Sehr geehrter Herr Sokolowsky,

 

hiermit bittet Sie die CDU-Fraktion, folgenden Antrag auf die Tagesordnung der Sitzung des PUA am 13.02.08 zu setzen, darüber zu beraten und abstimmen zu lassen:

 

 

Antrag

 

1.       Für die alte Fassung des B-Planes Nr.18-Friedhofstraße ist ein Änderungsverfahren für den Teilbereich (Anlage 3) der Einmündung Hörder Straße-Friedhofstraße gegenüber der Sonnenstraße einzuleiten mit den Zielen zur Schaffung einer echten Kreuzung und Aufhebung des alten Restplanes.

2.       Das Aufhebungsverfahren des B-Planes Nr.18-Friedhofstraße wird nicht weiter verfolgt.

 

 

Begründung

Der B-Plan Nr.18-Friedhofstraße leidet in seiner jetzigen Fassung an normativen und verfahrensrechtlichen Schwächen. Diese planungsrechtlichen Defizite gilt es zu beheben, da nach Auffassung der CDU die Argumentationen aus der über 38 Jahre alten Begründung zum B-Plan Nr. 18- Friedhofstraße aktueller sind denn je.

Hinsichtlich der unübersichtlichen Lage des heutigen Einmündungsbereiches Bergstraße in die Hörder Straße hat sich bis heute nichts verändert. Die in der neuen Planung B236 vorgesehene Rechtsregel für die aus der Bergstraße und dem Ostendamm abfließenden Verkehre machen deutlich, dass die Forderung der damaligen Straßenverwaltung des Landschaftsverbandes Westfalen-Lippe zum B-Plan Nr.7- Dammstraße (Sonnenstraße), die heutige Sonnenstraße und Friedhofstraße wegen der Sicherheit und Leichtigkeit zu einer echten Kreuzung auszubauen an Bedeutung nichts verloren hat.

Der Ausbau der B236 mit dem Ergebnis eines erhöhten Verkehrsaufkommens, der Neubau der K10n, die Entstehung neuer Wohnquartiere im Bereich Alter Dortmunder Weg und auch eine Veränderung des Straßencharakters der Heidestraße nach dem Ausbau der B236 oberhalb der Autobahnanschlussstellen werden neue und veränderte Verkehrsströme innerhalb des Stadtteiles hervorrufen.

 

Das Verkehrsaufkommen auf der Hörder Straße und in den angrenzenden Wohnquartieren

ist seit 1970 enorm angestiegen und wird nach dem Umbau der B236 auch nicht weniger

werden. Ziel- und Quellverkehr in und aus den angrenzenden Wohnsiedlungen müssen

gefahrlos von der Hörder Straße abbiegen und in die Hörder Straße einbiegen können.
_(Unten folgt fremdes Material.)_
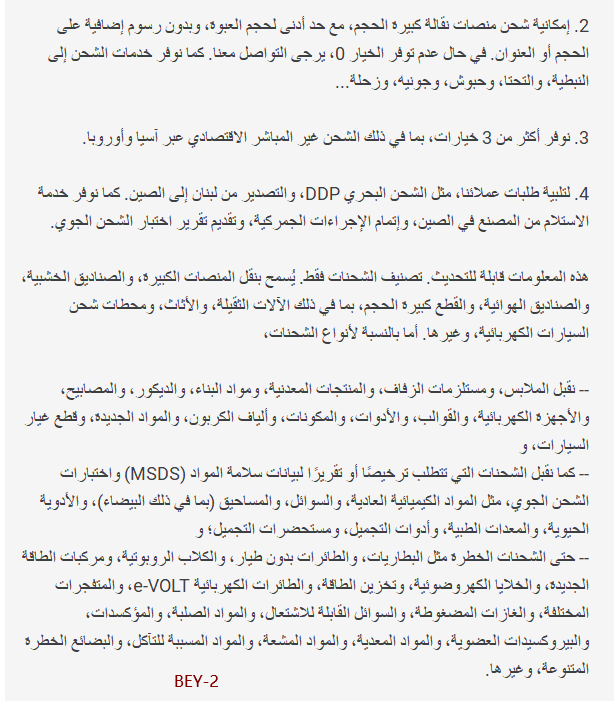China and Lebanon trading amount was once over US$1.5 billion. Lebanon imports machine, electronics, textile and others. Service in door to door can be arranged(DAP/DDU/DDP) by air freight.
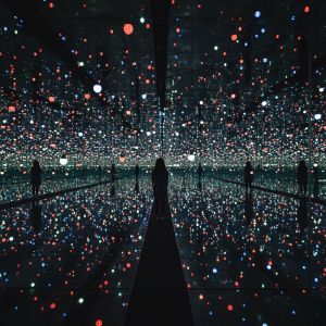 K těm nejpůsobivějším z jejích děl patří tzv. Infinity Mirror Rooms: zrcadlové místnosti, kde se hranice mezi realitou a odrazem rozplývá. Divák vstupuje do iluze nekonečna – zážitku na pomezí meditace a jemné dezorientace.

Die Zusammenführung des Werkverkehres Hundhausen über das in städtischem Eigentum

befindliche Grundstück des heutigen Parkplatzes Autohaus Pflug und die Sonnenstraße,

sowie die aus Bergstraße und Friedhofstraße zusammengelegte neue Friedhofstraße in einen

gemeinsamen Kreuzungsbereich hätte gegenüber der heutigen Situation eine erhebliche

Verbesserung der Sicherheit und Leichtigkeit des Verkehrs an dieser Stelle zur Folge.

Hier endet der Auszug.